7. An element reading device for matrix multiplication, characterized in that, include: The acquisition module is used to determine the first and second matrices to be multiplied, wherein the first matrix is stored continuously in the row dimension. The determination module is used to determine a first vector register with a capacity of P×Q based on the type of the first element in the first matrix and the second matrix, where P and Q are both integers greater than 1; The determining module is further configured to determine a first matrix register with a capacity of P×P based on the type of the second element in the third matrix, wherein the element type of the third matrix is determined based on matrix multiplication of the first matrix and the second matrix; The rearrangement module is used to perform matrix multiplication on the first matrix and the second matrix. In the first matrix, every Q consecutive first elements in the row dimension are merged into a first combination element, and the first combination elements in the first matrix unit are stored in the first matrix register in groups. The first matrix unit is a sub-matrix in the first matrix that includes P rows and P columns of the first combination elements. A group of the first combination elements corresponds to P consecutive first combination elements in one direction. The transfer module is used to retrieve the first combined elements from the first matrix register in the first dimension direction, expand them into the first elements, and store them into the first vector register. The first dimension corresponds to the column dimension of the first matrix. A read module is used to read the first element from the first vector register.

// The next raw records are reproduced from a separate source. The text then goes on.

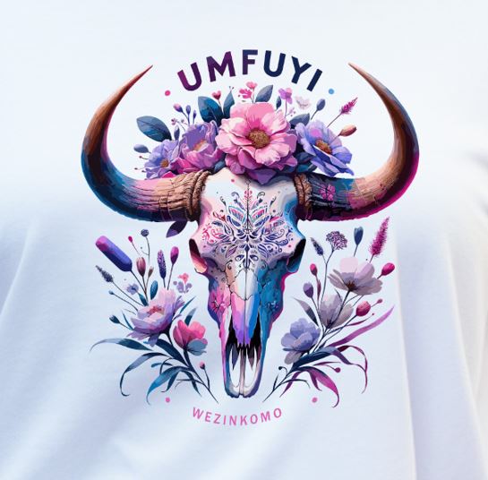Blossom Spirit radiates a magical mix of ancestral strength and feminine energy. A richly decorated Nguni skull is crowned with vivid flowers in pinks, purples, and blues, surrounded by soft florals that seem to bloom from the spirit itself. This design embodies bold self-expression rooted in beauty, tradition, and power — a perfect statement piece for women who wear their culture with color and confidence.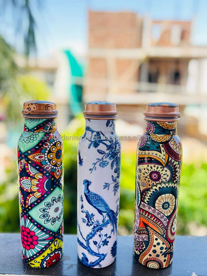 ขวดน้ำทองแดงบริสุทธิ์สำหรับยิมขวดน้ำสำหรับการเดินทางและเล่นกีฬา100% พิมพ์ลายอินเดียขวดน้ำแบบพกพาผลิตในอินเดีย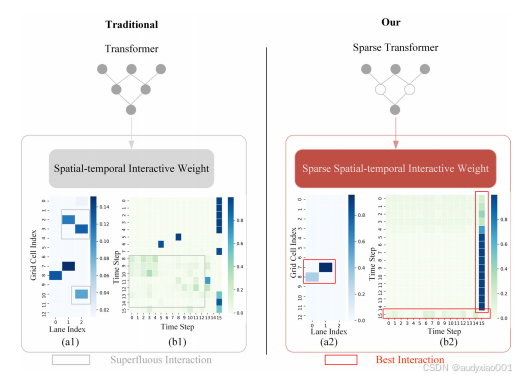 该模块旨在精准筛选出对目标车辆有实质影响的邻居车辆。它在标准的多头注意力机制后,增加了一个可训练的稀疏化层。该层会计算一个动态阈值,将注意力权重图中代表微弱或冗余交互的权重置零,从而生成一个“稀疏”的注意力图谱。这使得模型能够排除无关车辆的干扰,将计算资源集中在对预测至关重要的关键交互上,显著提升了空间交互感知的准确性。如图3,左侧(传统Transformer),注意力权重在所有邻车中均匀分配,无法突出关键交互;右侧(SST),通过稀疏模块过滤低权重冗余交互,仅保留高权重的关键邻车影响。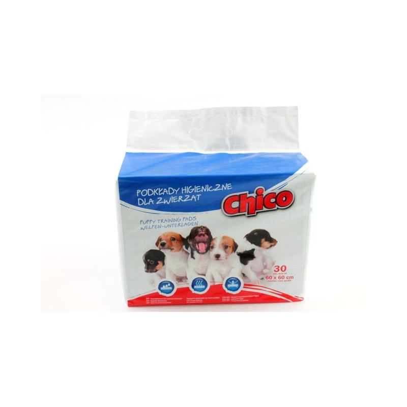 Maty absorbujące Chico do nauki czystości dla szczeniąt. Maty zostały nasączone specjalnym atraktorem, dzięki czemu pomagają chronić powierzchnię, gdy szczenięta uczą się załatwiać swoje potrzeby fizjologiczne w wybranych miejscach. Pochłaniają wilgoć gromadząc ją głęboko na dnie, dzięki czemu powierzchnia maty pozostaje sucha. Nieprzemakalna mata chroni podłoże przed przedostaniem się nawet najmniejszej ilości moczu. Maty idealnie nadają się również dla dorosłych psów przebywających w domu przez cały dzień, dla psów w okresie rekonwalescencji oraz jako zabezpieczenie podczas podróży.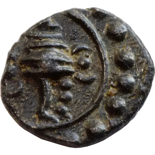 | Beschrijving keerzijde | Shiva Lingam flanked by sprays in circle, surrounded by beads, date below |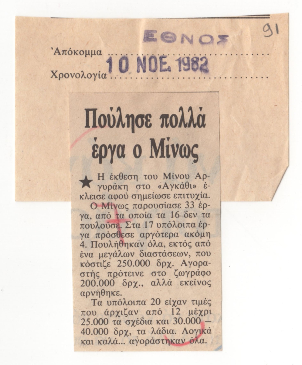 Απόκομμα, έντυπο, χαρτί, 8,0×4,6 εκ., όπου δημοσιεύεται, στα ελληνικά, άρθρο για την ατομική έκθεση έργων του Μίνωα Αργυράκη στην Αθήνα το 1982. Επάνω, επικολλημένο έντυπο απόκομμα χαρτιού, 6,0×8,5 εκ, με τα στοιχεία της έκδοσης (σφραγίδες).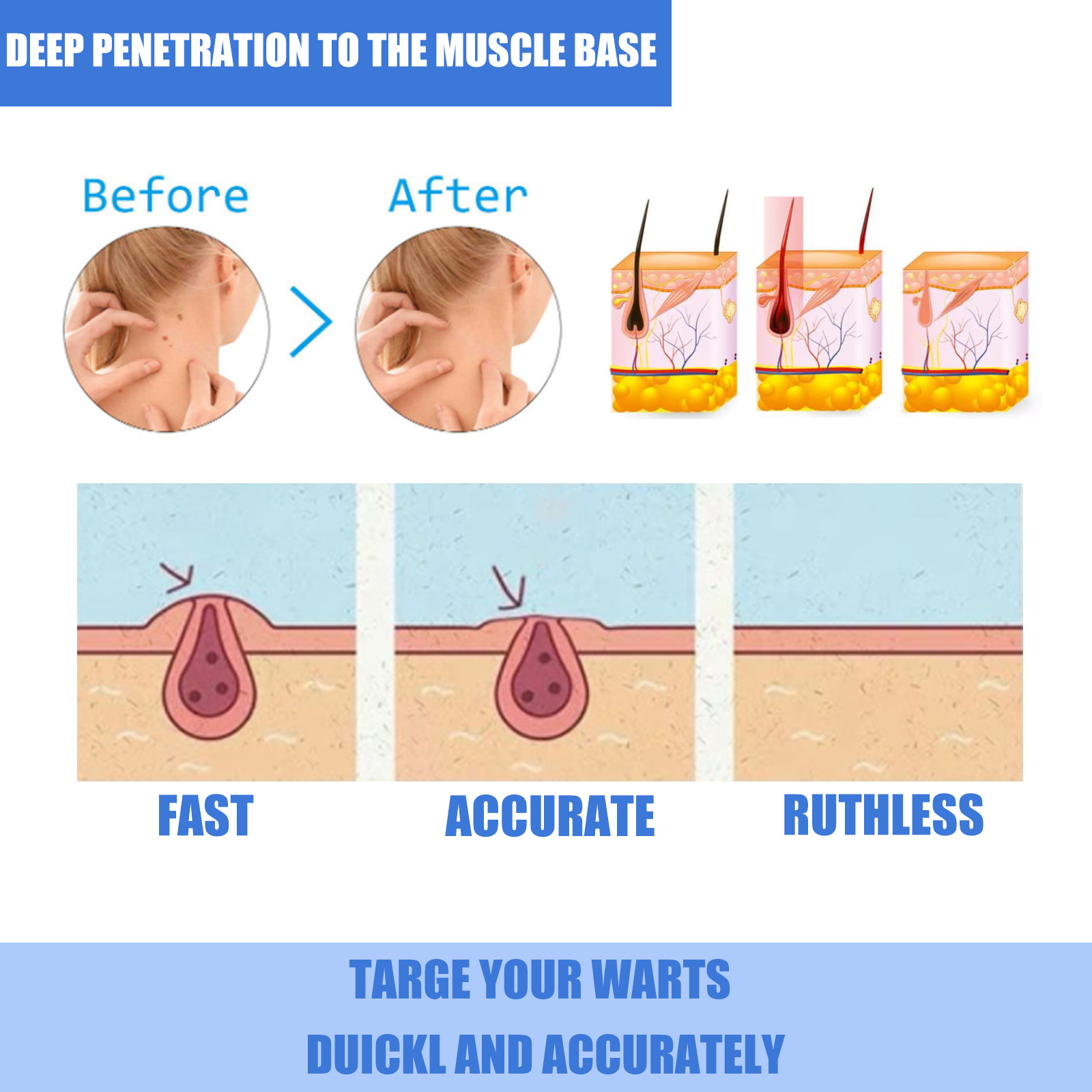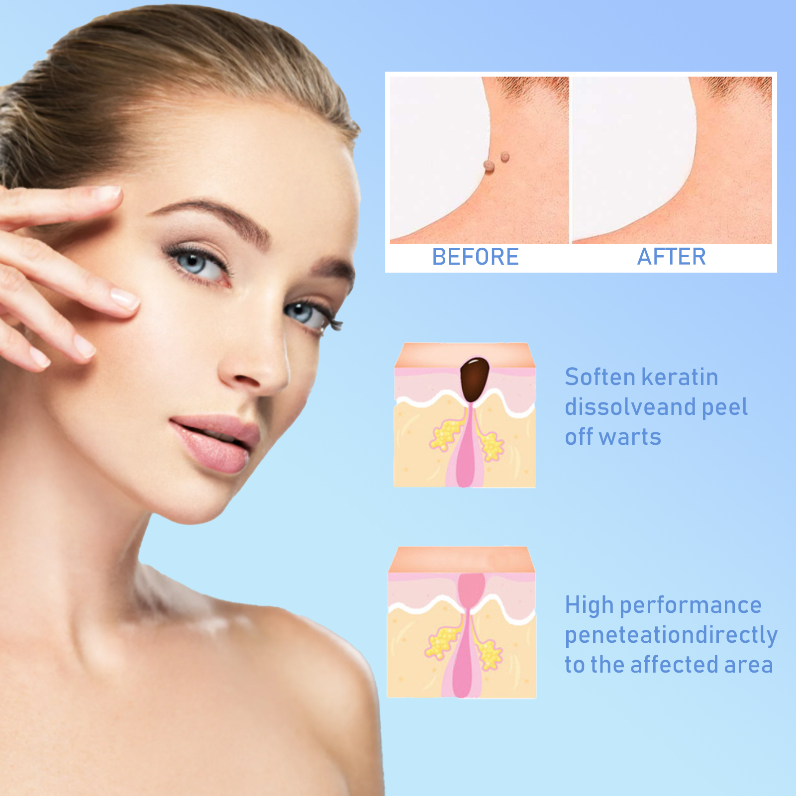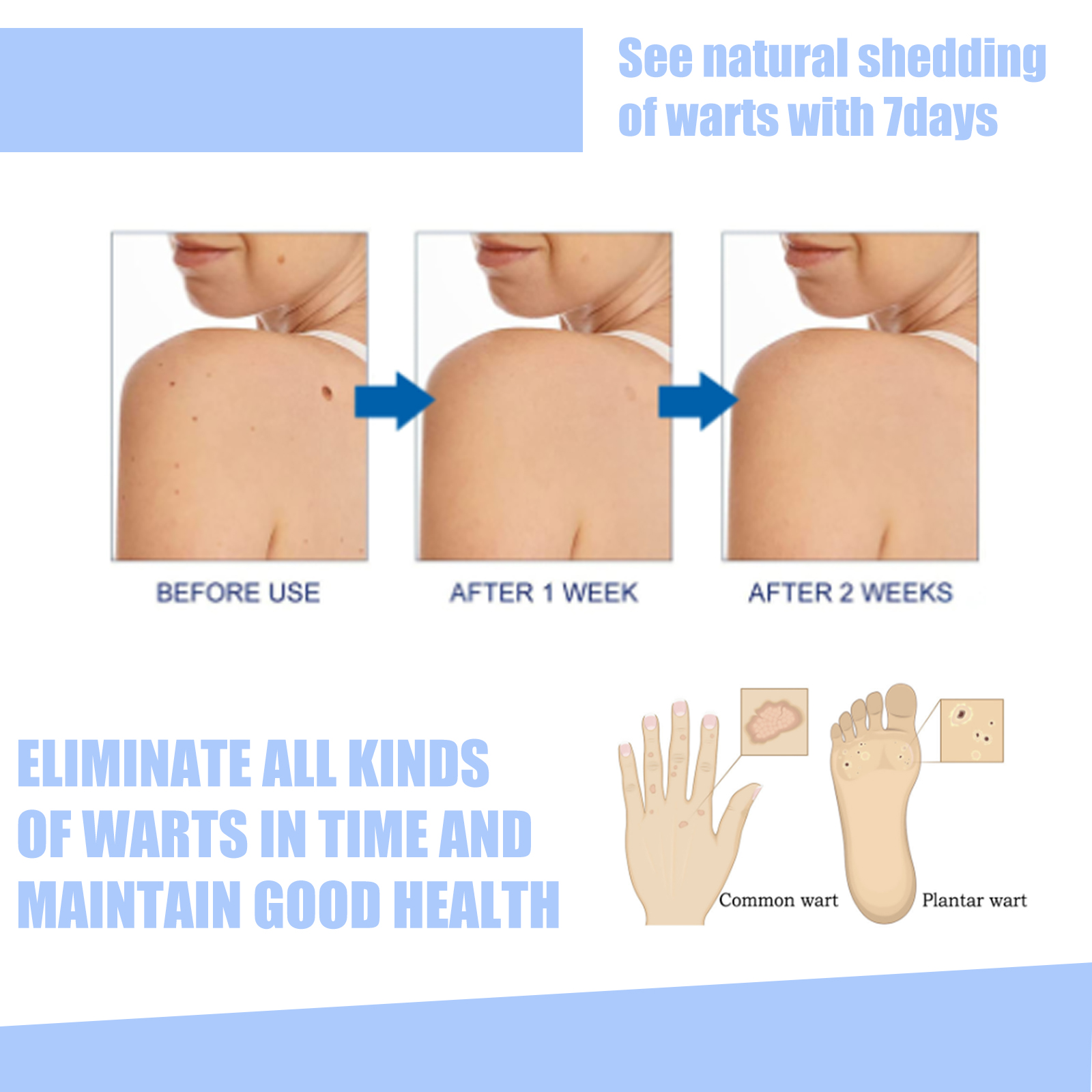 Our wart removal cream contains juniper seed extract, arbutin, witch hazel extract. It can soften dissolved keratin and remove warts; High efficiency directly to the affected area; Eliminate all kinds of warts in time to maintain good health. Its use is simple: wash and dry the affected area, take an appropriate amount of this product, and apply it to the surrounding skin, 2 times a day for better results. Wart removal cream removes warts, dispels moles and removes calluses.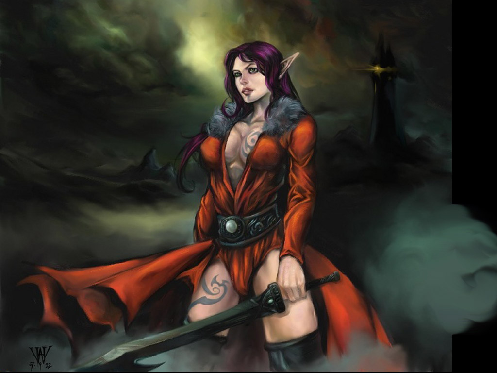 Скачать обои для рабочего стола Эльфийка с оружием и фото

8. A computing device, characterized in that, Including the processor; The processor is configured to execute computer programs or computer instructions stored in memory to perform the method as described in any one of claims 1 to 6.
9. The computing device according to claim 8, characterized in that, It also includes the memory.
10. A computer program product containing instructions, characterized in that, When the instruction is executed by the computing device, the computing device performs the method as described in any one of claims 1 to 6.
11. A computer-readable storage medium, characterized in that, It includes computer program instructions, which, when executed by a computing device, cause the computing device to perform the method as described in any one of claims 1 to 6.